The HLLE algorithm comprises three stages:

1. **Nearest Neighbors Search**.  Same as standard LLE

2. **Weight Matrix Construction**. Approximately
   :math:`O[D N k^3] + O[N d^6]`.  The first term reflects a similar
   cost to that of standard LLE.  The second term comes from a QR
   decomposition of the local hessian estimator.

3. **Partial Eigenvalue Decomposition**. Same as standard LLE

The overall complexity of standard HLLE is
:math:`O[D \log(k) N \log(N)] + O[D N k^3] + O[N d^6] + O[d N^2]`.

* :math:`N` : number of training data points
* :math:`D` : input dimension
* :math:`k` : number of nearest neighbors
* :math:`d` : output dimension

.. topic:: References:

   * `"Hessian Eigenmaps: Locally linear embedding techniques for
     high-dimensional data" <http://www.pnas.org/content/100/10/5591>`_
     Donoho, D. & Grimes, C. Proc Natl Acad Sci USA. 100:5591 (2003)


Local Tangent Space Alignment
=============================

Though not technically a variant of LLE, Local tangent space alignment (LTSA)
is algorithmically similar enough to LLE that it can be put in this category.
Rather than focusing on preserving neighborhood distances as in LLE, LTSA
seeks to characterize the local geometry at each neighborhood via its
tangent space, and performs a global optimization to align these local 
tangent spaces to learn the embedding.  LTSA can be performed with function
:func:`locally_linear_embedding` or its object-oriented counterpart
:class:`LocallyLinearEmbedding`, with the keyword ``method = 'ltsa'``.

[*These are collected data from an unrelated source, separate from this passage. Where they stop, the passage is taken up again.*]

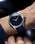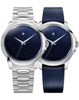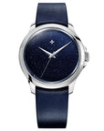 今次Venezianico再度大玩好受歡迎嘅「星塵」錶面 錶面採用藍色砂金石材(Aventurine) 起源可以追溯到17世紀初 歸功於威尼斯玻璃製造商Murano工匠 偶然將銅碎片灑入藍色玻璃漿中 賦予了其優雅而閃閃發亮的反光效果 仿似夜空的閃爍繁星 呢種石英礦物每一片都係獨一無二 間中都會出現喺一啲高檔手錶品牌中 錶底都不忘注入意大利DNA 雕刻了威尼斯救主堂(Basilica del Redentore)圖案 以往配以旭日紋,今次則配以滿天星空 6螺絲底蓋令雕刻圖案保持正中央,更美觀 錶盤係類似Ultrablack 40 但結構上也經過重新設計 厚度從以往的12.6mm減少到11.1mm 新的表冠與較小的表冠保護器設計 更具包圍性的全新凸耳形狀 錶帶呼應返錶面顏色,採用藍色意大利皮革錶帶 弧形固定帶,佩戴起來更貼手舒適
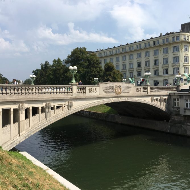 Üçlü Köprü, 1842’de yapılmış. Üç köprüden oluşan bir grup. Kuzeybatı Avrupa, Güneydoğu Avrupa ve Balkanlar’ı birbirine bağladığına inanılır. Bu taş köprü, Ljubljana’nın eşsiz bir mimari mücevheri olarak kabul edilir.
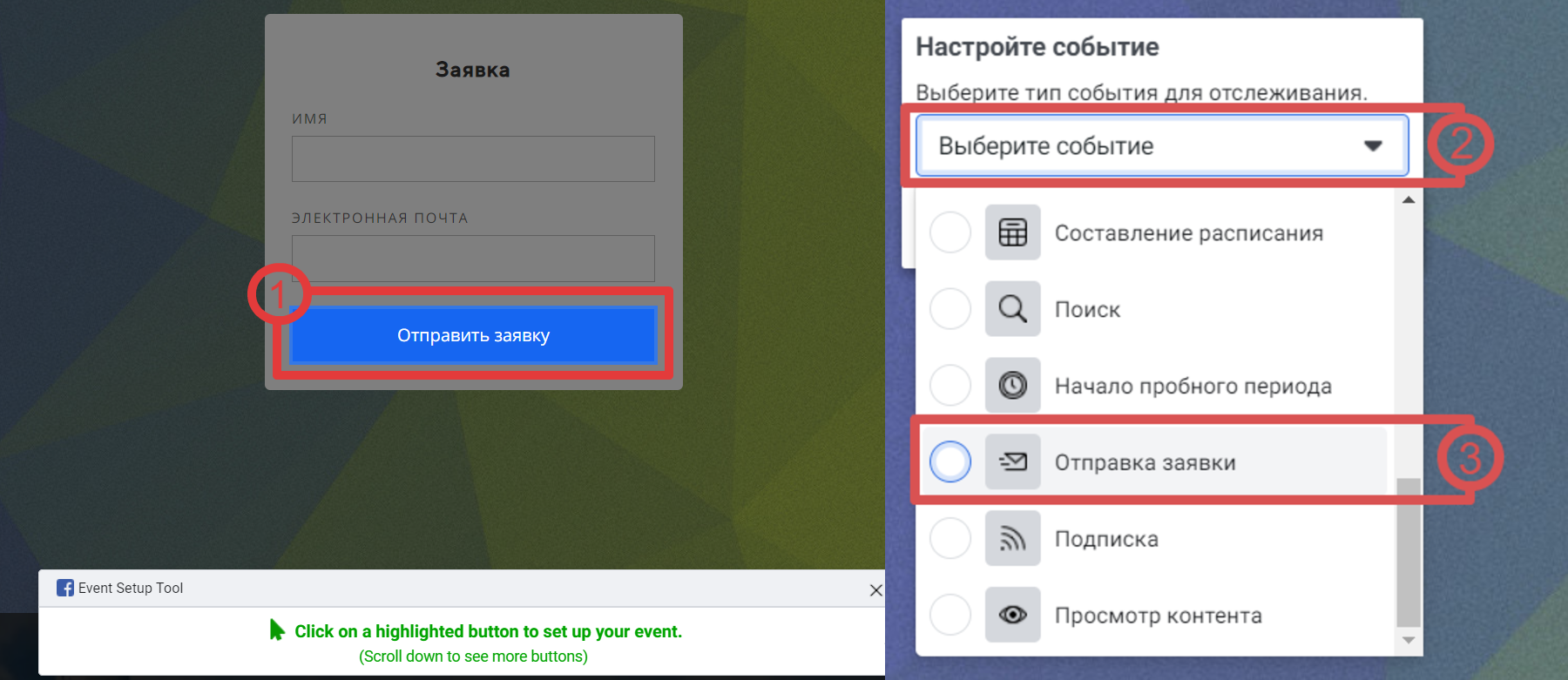 3. Можно сделать так, чтобы код срабатывал одновременно с нажатием на кнопку «Отправить заявку»
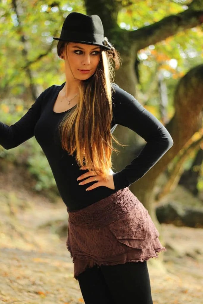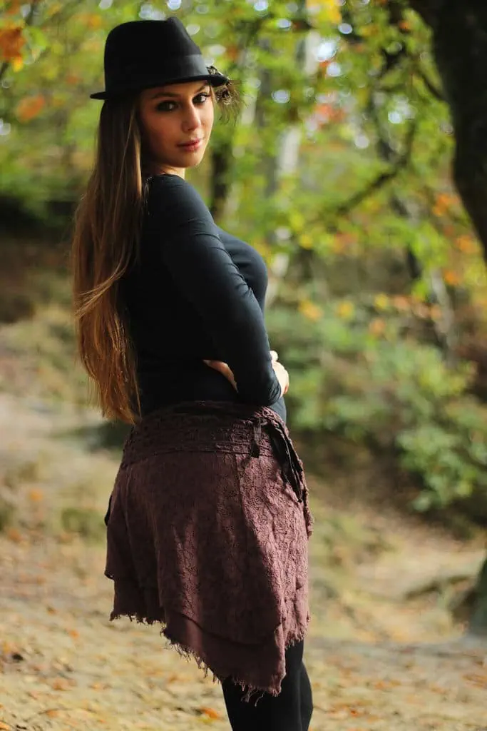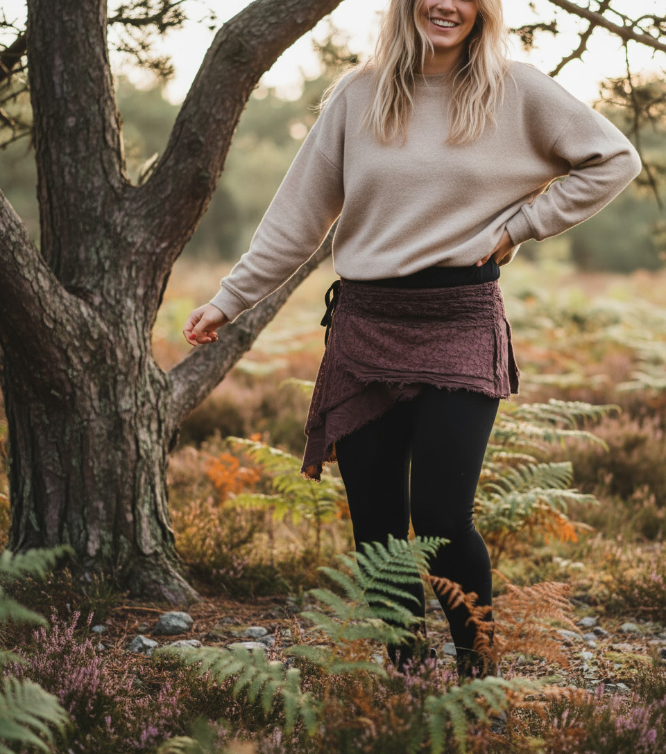 Verspielter Zipfelrock in natürlichem rustikalem Look.
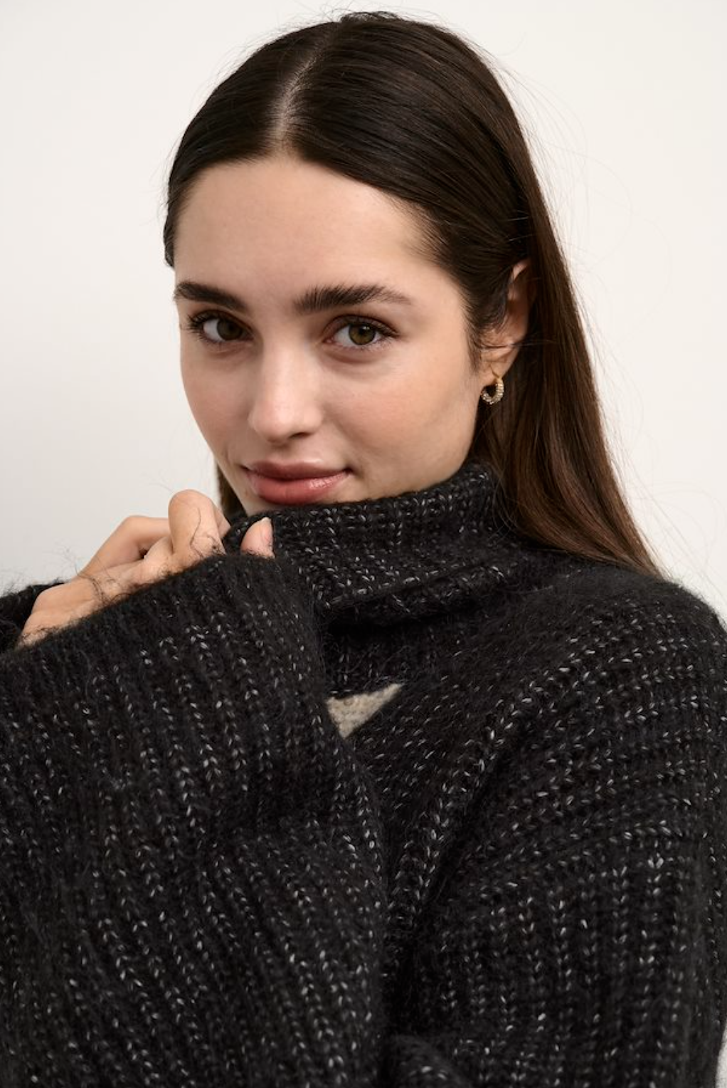 Kaffe KAsigrid Roll Neck Pullover – Black / Sand Melange
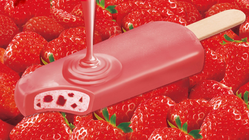 本商品は、いちご果肉入りアイスを独自技術のなめらかな濃厚いちごで包みこんだ、いちごづくしの濃厚フルーツバー(果汁・果肉60%)。
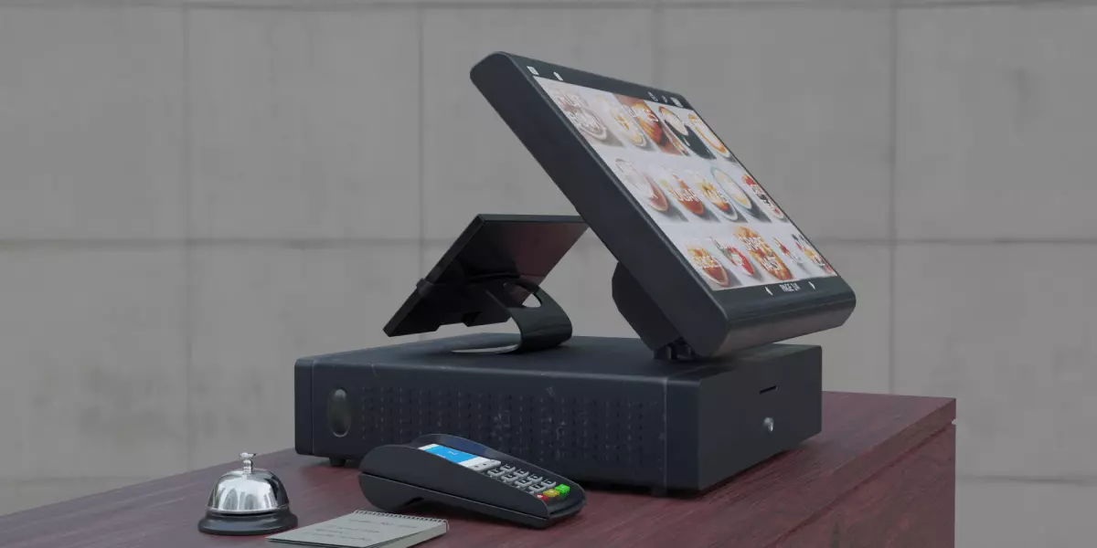 The 3D model depicts a stationary order taker machine commonly found on countertops in cafes and coffee shops. This device is operated by the cafe staff and is used to enter customer orders into the system.
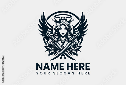 Detailed Winged Samurai Woman Silhouette. Mythical Warrior Motif Vector Logo

.. figure:: ../auto_examples/manifold/images/plot_lle_digits_9.png
   :target: ../auto_examples/manifold/plot_lle_digits.html
   :align: center
   :scale: 50
   
Complexity
----------

The LTSA algorithm comprises three stages:

1. **Nearest Neighbors Search**.  Same as standard LLE

2. **Weight Matrix Construction**. Approximately
   :math:`O[D N k^3] + O[k^2 d]`.  The first term reflects a similar
   cost to that of standard LLE.

3. **Partial Eigenvalue Decomposition**. Same as standard LLE

The overall complexity of standard LTSA is
:math:`O[D \log(k) N \log(N)] + O[D N k^3] + O[k^2 d] + O[d N^2]`.

* :math:`N` : number of training data points
* :math:`D` : input dimension
* :math:`k` : number of nearest neighbors
* :math:`d` : output dimension

.. topic:: References:

   * `"Principal manifolds and nonlinear dimensionality reduction via
     tangent space alignment"
     <http://citeseer.ist.psu.edu/viewdoc/summary?doi=10.1.1.4.3693>`_
     Zhang, Z. & Zha, H. Journal of Shanghai Univ. 8:406 (2004)


Tips on practical use
=====================

* Make sure the same scale is used over all features. Because manifold
  learning methods are based on a nearest-neighbor search, the algorithm
  may perform poorly otherwise.  See :ref:`Scaler <preprocessing_scaler>`
  for convenient ways of scaling heterogeneous data.

* The reconstruction error computed by each routine can be used to choose
  the optimal output dimension.  For a :math:`d`-dimensional manifold embedded
  in a :math:`D`-dimensional parameter space, the reconstruction error will
  decrease as ``n_components`` is increased until ``n_components == d``.

* Note that noisy data can "short-circuit" the manifold, in essence acting
  as a bridge between parts of the manifold that would otherwise be
  well-separated.  Manifold learning on noisy and/or incomplete data is
  an active area of research.

* Certain input configurations can lead to singular weight matrices, for
  example when more than two points in the dataset are identical, or when
  the data is split into disjointed groups.  In this case, ``method='arpack'``
  will fail to find the null space.  The easiest way to address this is to
  use ``method='dense'`` which will work on a singular matrix, though it may
  be very slow depending on the number of input points.  Alternatively, one
  can attempt to understand the source of the singularity: if it is due to
  disjoint sets, increasing ``n_neighbors`` may help.  If it is due to
  identical points in the dataset, removing these points may help.